"L'Ogre du Salève" d'Olivia Gerig (CH)
« Dans les abysses de la perversité »
Des disparitions inexpliquées d’adolescentes dans le petit village de Saint-Blaise, le commissaire Rouiller à l’aube de sa retraite, le meurtre d’un éminent professeur d’histoire, résistant de la seconde guerre mondiale, deux hommes emprisonnés, en proie à un esprit malade, et une rivière de sang comme héritage familial. Voilà la recette de fonds mijotée dans le chaudron de l’Ogre du Salève.
Alors que les ingrédients bouillent à petit feu, les arômes de se roman se révèlent à vous, et la noirceur des émanations annonce l’éruption à venir. Remontant alors des abîmes de l’âme humaine, l’abomination jaillit au grand jour, la perversité monstrueuse dont seul l’Homme est capable. Le cannibalisme narcisso-sexuel.
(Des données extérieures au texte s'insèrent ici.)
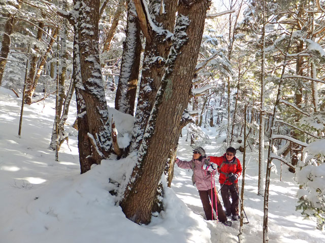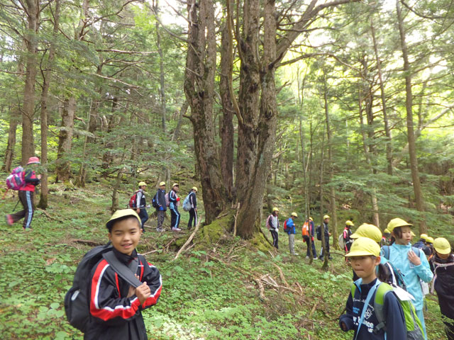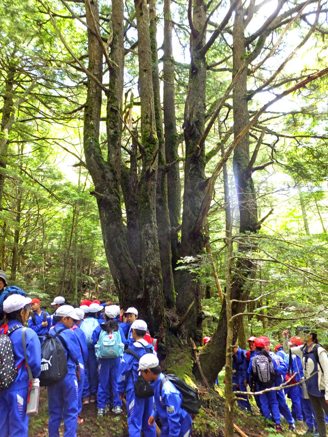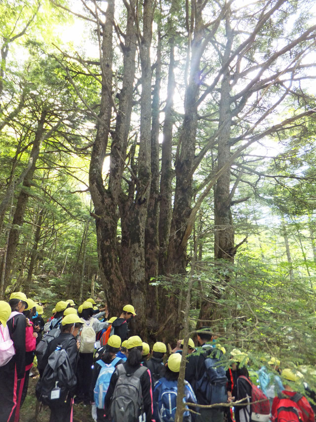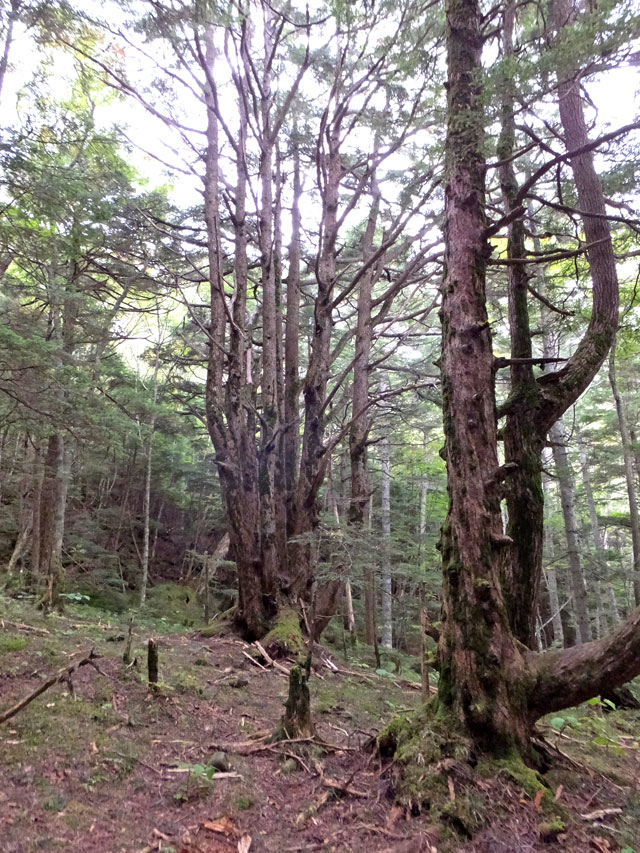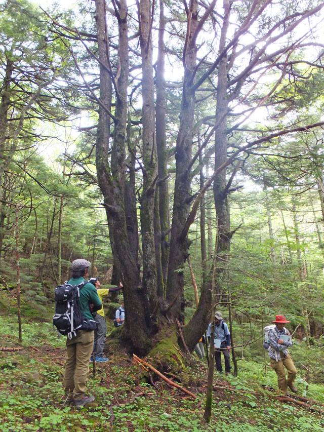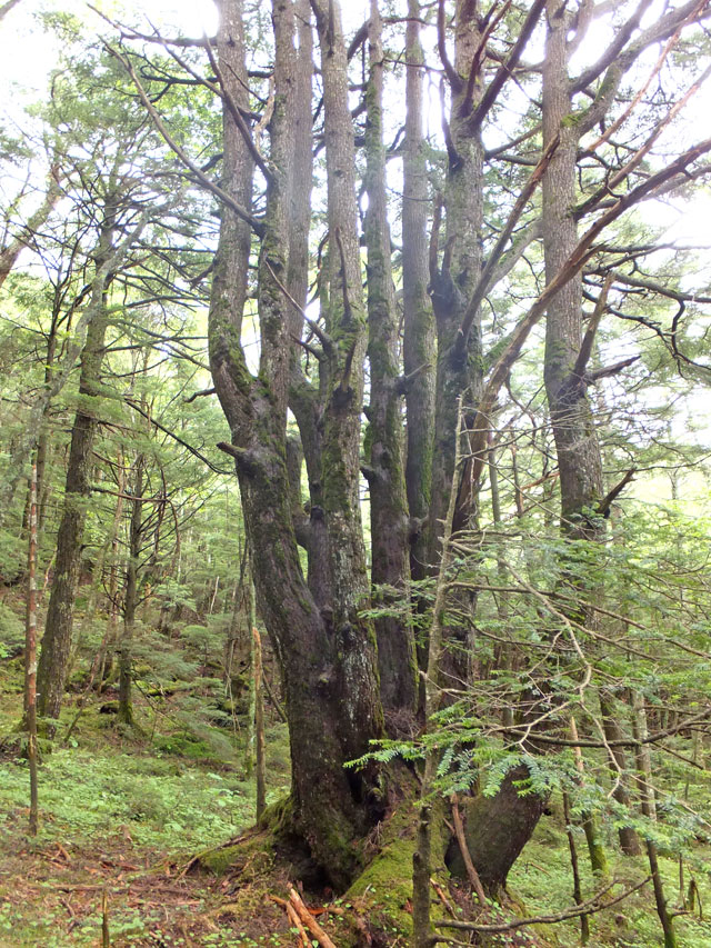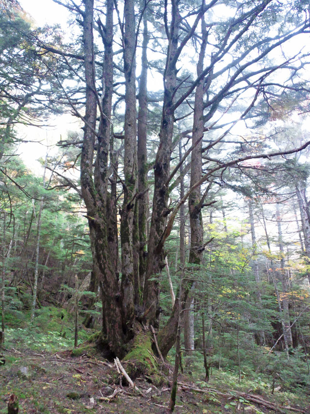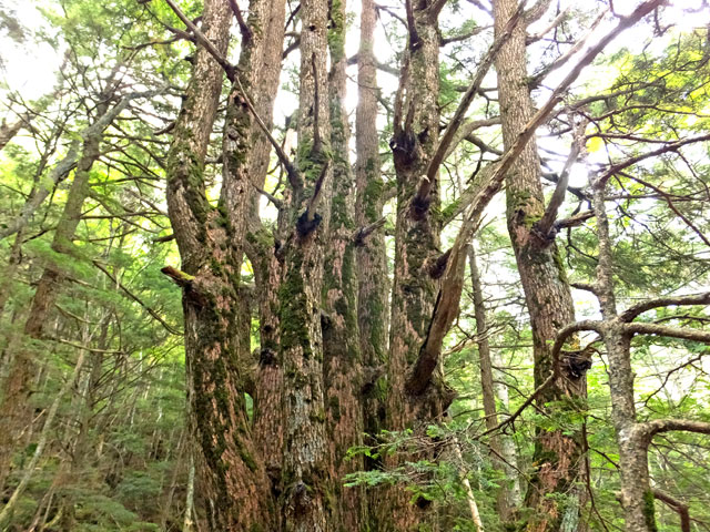 池の平から湯の丸地蔵峠に下りてくる自然歩道沿いにある、七本幹のコメツガ。何かを放っているようにも見えます。この素材でガイドは何を伝えるのか。インタープリターの腕の見せ所です。
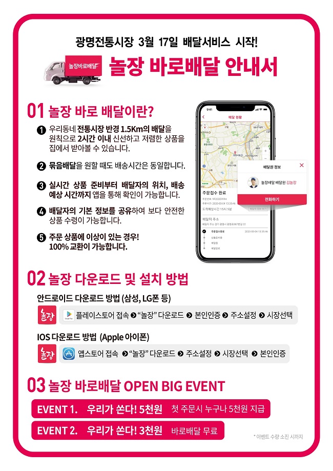 아울러 광명시는 ‘놀장’ 운영 기념으로 선착순 1,000명에게 5,000원의 쿠폰과 2,000명에게 배달수수료 3,0000원 무료 이벤트를 진행할 예정이다. 광명전통시장 배달앱 ‘놀장’에 대한 문의사항은 광명전통시장 조합사무실 또는 광명시 지역경제과로 문의하면 된다.
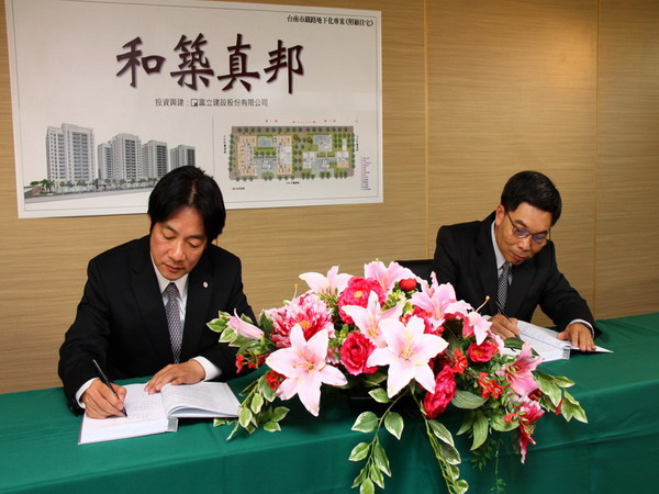 7日簽約儀式由賴清德市長及富立總經理陳聰徒共同簽署。賴市長非常感恩富立建設以在地最優品牌的作品回饋市民,也對陳總經理不計成本,不論獲利的公益之舉表達最高的敬意,期待透過富立的參與,為台灣重大公共建設史上打造嶄新的一頁。
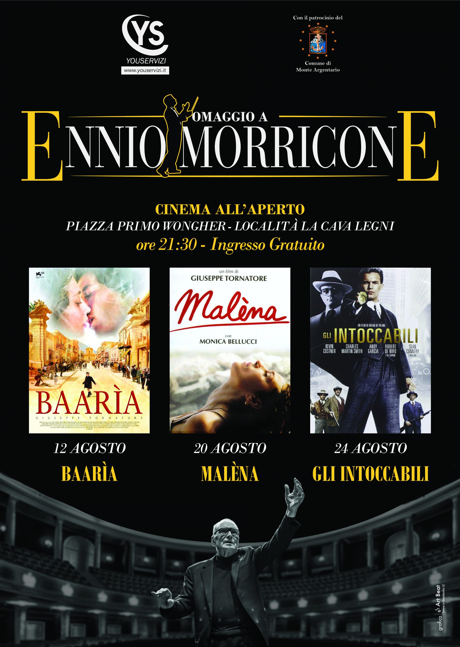 La seconda rassegna cinematografica si terrà nella piazza Primo Wongher in località La Cava a Porto S.Stefano. In questa occasione il Comune ha voluto rendere omaggio ad Ennio Morricone il compositore recentemente scomparso che ha firmato le colonne sonore più belle del cinema italiano e mondiale. A lui saranno dedicate le tre serate del 12, 20 e 24 agosto in cui saranno proiettati rispettivamente : BaariaMalenaGli incoccabili. Le proiezioni avranno inzio alle ore 21,30.
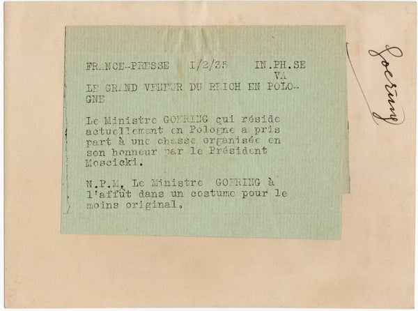 Originele Wo2 Franse Persfoto - Luftwaffe Reichsmarschall Hermann Göring aan het jagen in Polen (1935)
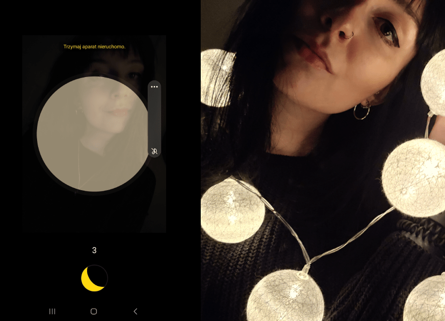 Dość często wykonuję zdjęcia i nagrywam filmiki za pomocą przedniej kamery. Ich jakość w nowym Samsungu okazała się naprawdę dobra, zarówno w pełnym świetle dziennym, jak i domowych warunkach subtelnego oświetlenia niewielkich lampek. Odpowiednio wyważone przybliżenie kadru nie zniekształca obrazu, możliwość poszerzenia perspektywy w celu wykonania zdjęcia więcej niż jednej osoby również pozwala uzyskać naturalny i estetyczny efekt. Jakość zdjęć selfie oraz nagrań wideo otrzymanych przy wykorzystaniu kamery frontowej jest bardzo dobra. Przy słabszym oświetleniu na ekranie smartfona pojawia się informacja o tym, by trzymać urządzenie nieruchomo, przy czym inteligentne funkcje aparatu przechwytują obraz, odpowiednio wydłużając czas naświetlania, jednocześnie dbając o jego jak najlepszą jakość.
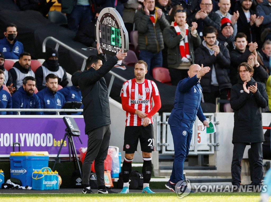 후반 시작 후 7분 만에 그라운드에 모습을 드러낸 에릭센은 경기가 끝날 때까지 뛰었고, 전반 11분에 한 명이 퇴장당한 브렌트퍼드는 0-2로 졌다.
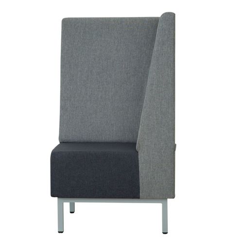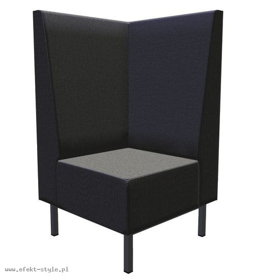 OPIS | Składający się z elementów prostych i narożnikowych system mebli z wysokimi oparciami, pozwalający aranżować wydzieloną strefę do rozmów lub relaksu. Element narożniowy na stelażu metalowym malowanym proszkowo G680x680 MAL, tworzącym ramkę pod siedziskiem, wysokość stelaża metalowego 200 mm. |
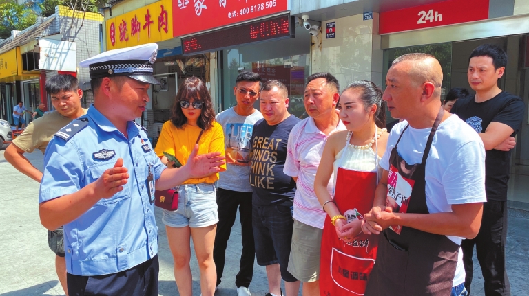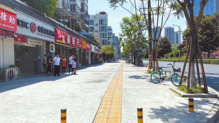 在春华路中段,信息路至罗槽巷之间约200米长的人行道设置了隔离桩,禁止机动车驶入人行道,原有的倾斜式停车位已取缔。在现场,一些商家向民警反映,停车位取缔后,顾客、办事人员停车不便,商家生意受到一定影响,而该路段人行道,宽度约有8米多,希望能够恢复设置停车位。
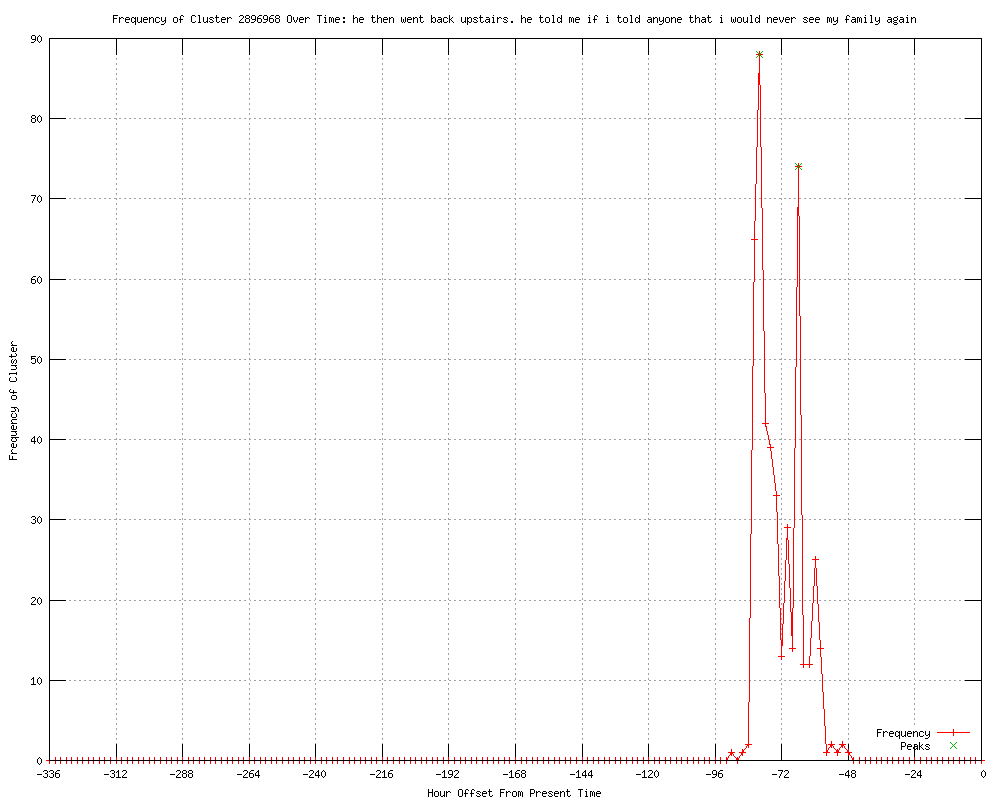 | 6 | he told me if i ever told anyone, i'd never see my family again Urls http://huffingtonpost.com/2012/06/13/jerry-sandusky-trial-testimony-penn-state_n_1594915.html http://examiner.com/article/victim-10-if-i-ever-told-anyone-i-d-never-see-my-family-again http://sportmax.se/2012/06/13/alleged-victim-10-says-sandusky-forced-him-to-have-oral-sex/ http://sportmax.se/2012/06/13/alleged-victim-10-says-sandusky-forced-him-to-have-oral-sex-2/ http://entertainment.wagerweb.com/wtf/victim-10-takes-stand-in-jerry-sandusky-trial-43383.html http://sportmax.se/2012/06/14/sandusky-accuser-i-felt-his-body-on-my-back/ |

[…] Une lame scintillait dans les flammes du feu de bois que l’ogre venait de préparer. Une lueur folle brillait dans ses yeux. La jeune fille, et en particulier sa chair, lui permettrait de conserver sa jeunesse et son intelligence, comme les autres avant elle. Elle lui permettrait aussi de ne plus être seul, plus jamais. Elle l’habiterait, lui tout entier, et sa jeunesse sauvage aurait le goût doux du printemps. […] - p.36
Voilà un des polars des plus noirs que j’aie lus, le premier sur trois, de l’auteure genevoise Olivia Gerig. Le récit, construit selon plusieurs procédés littéraires, est raconté par un narrateur omniscient mais extérieur à l’histoire, ce qui la rend plus « haletante ». Le lecteur est imprégné des ambiances grâce à l’alternance régulière et juste de la vie des protagonistes. Des digressions parcimonieuses cassent le rythme, de manière positive, pour que la narration colle au plus proche « du mal ».
Généralement peu adepte des récits noirs et machiavéliques, j’ai découvert avec plaisir et pour la première fois la plume d’Olivia Gerig. Le séant scotché face à l’horreur ou l’impatience de voir la justice faire son œuvre, je ne saurais dire lequel des deux a été le plus insoutenable pour moi. Cependant, la balance du bien et du mal en parfait équilibre a su me tenir en haleine jusqu’au dénouement. L’art d’écrire une bonne intrigue n’est pas donné à tout le monde, mais pour le coup, voilà un polar sacrément « bien torché », qui ne vous laissera pas sans réflexion.